- Supreme Court of the United States

Argued December 5, 1961 Reargued October 10–11, 1962 Decided March 25, 1963
- Full case name: Gibson v. Florida Legislative Investigation Committee
- Citations: 372 U.S. 539 (more) 83 S. Ct. 889; 9 L. Ed. 2d 929; 1963 U.S. LEXIS 2503

Holding
- On the record in this case, petitioner's conviction of contempt for refusal to divulge information contained in the membership lists of the Association violated rights of association protected by the First and Fourteenth Amendments.

Court membership
- Chief Justice Earl Warren Associate Justices Hugo Black · William O. Douglas Tom C. Clark · John M. Harlan II William J. Brennan Jr. · Potter Stewart Byron White · Arthur Goldberg

Case opinions
- Majority: Goldberg, joined by Warren, Black, Douglas, Brennan
- Concurrence: Black
- Concurrence: Douglas
- Dissent: Harlan, joined by Clark, Stewart, White
- Dissent: White

= Gibson v. Florida Legislative Investigation Committee =

Gibson v. Florida Legislative Investigation Committee, 372 U.S. 539 (1963), was a United States Supreme Court case based on the First Amendment to the U.S. Constitution. It held that a legislative committee cannot compel a subpoenaed witness to give up the membership lists of his organization.

== Factual background ==
In 1956, a committee of the Florida Legislature initiated an investigation of the National Association for the Advancement of Colored People (NAACP)'s Miami branch. When the authority of this committee expired, a new committee was formed in 1957 to pursue the same inquiry. This new committee subpoenaed the branch's membership list. Production of such information was refused based on the right to freedom of association that was applied to state governments in NAACP v. Alabama. Due to this refusal, the president of NAACP's Miami branch was convicted of contempt, sentenced, and fined.

== Decision ==
The Supreme Court held that the conviction violated rights of association under the First and Fourteenth Amendments.
The court said the rights of free speech and free association "need breathing space to survive" and are protected from "subtle governmental interference", although the state does have a broad power to conduct legislative inquiries. Strict scrutiny applies, however, to investigations intruding on activity protected by the First Amendment. Distinguishing the Communist Party cases, the court took into account NAACP resolutions banning Communist members, and found no evidence of subversive connections.

===Concurring opinions===

Justice Hugo Black wrote a separate opinion concurring in the judgment only. He said "the constitutional right of association includes the privilege of any person to associate with Communists or anti-Communists, Socialists or anti-Socialists, or, for that matter, with people of all kinds of beliefs, popular or unpopular."

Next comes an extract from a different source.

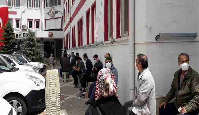 Emlak Çevre temizlik ilam ve reklam vergi ödemelerinin son günü olması nedeniyle ve sosyal mesafeye uyulduğundan Belediye önünde uzun kuyruklar oluştu.
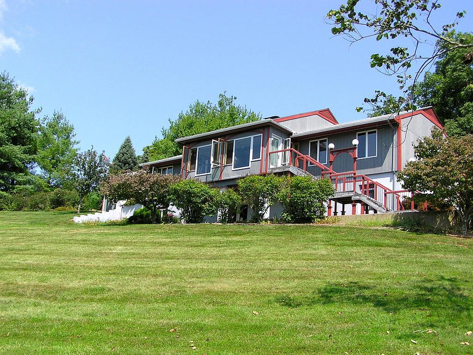 Elevated contemporary with 2 car garage on 5+ peaceful acres, only minutes to town! Dramatic wall of windows provides sunny rooms w/beautiful mountain & pastoral views. Wood floors, skylights, brick fireplace, sunroom & family rm addition. Lower level includes exercise room w/ hot tub, rec room, bath, spare room, workshop, & storage. Horses, chickens, goats, & sheep welcome. Space to garden!

Justice William O. Douglas wrote a separate opinion: "The need of a referee in our federal system has increased with the passage of time...For in times of crisis, when ideologies clash, it is not easy to engender respect for the dignity of suspect minorities and for debate of unpopular issues." He said investigations by legislative committees should have a lawmaking function, and must otherwise honor constitutional boundaries:"[The] right of privacy implicit in the First Amendment creates an area into which the Government may not enter."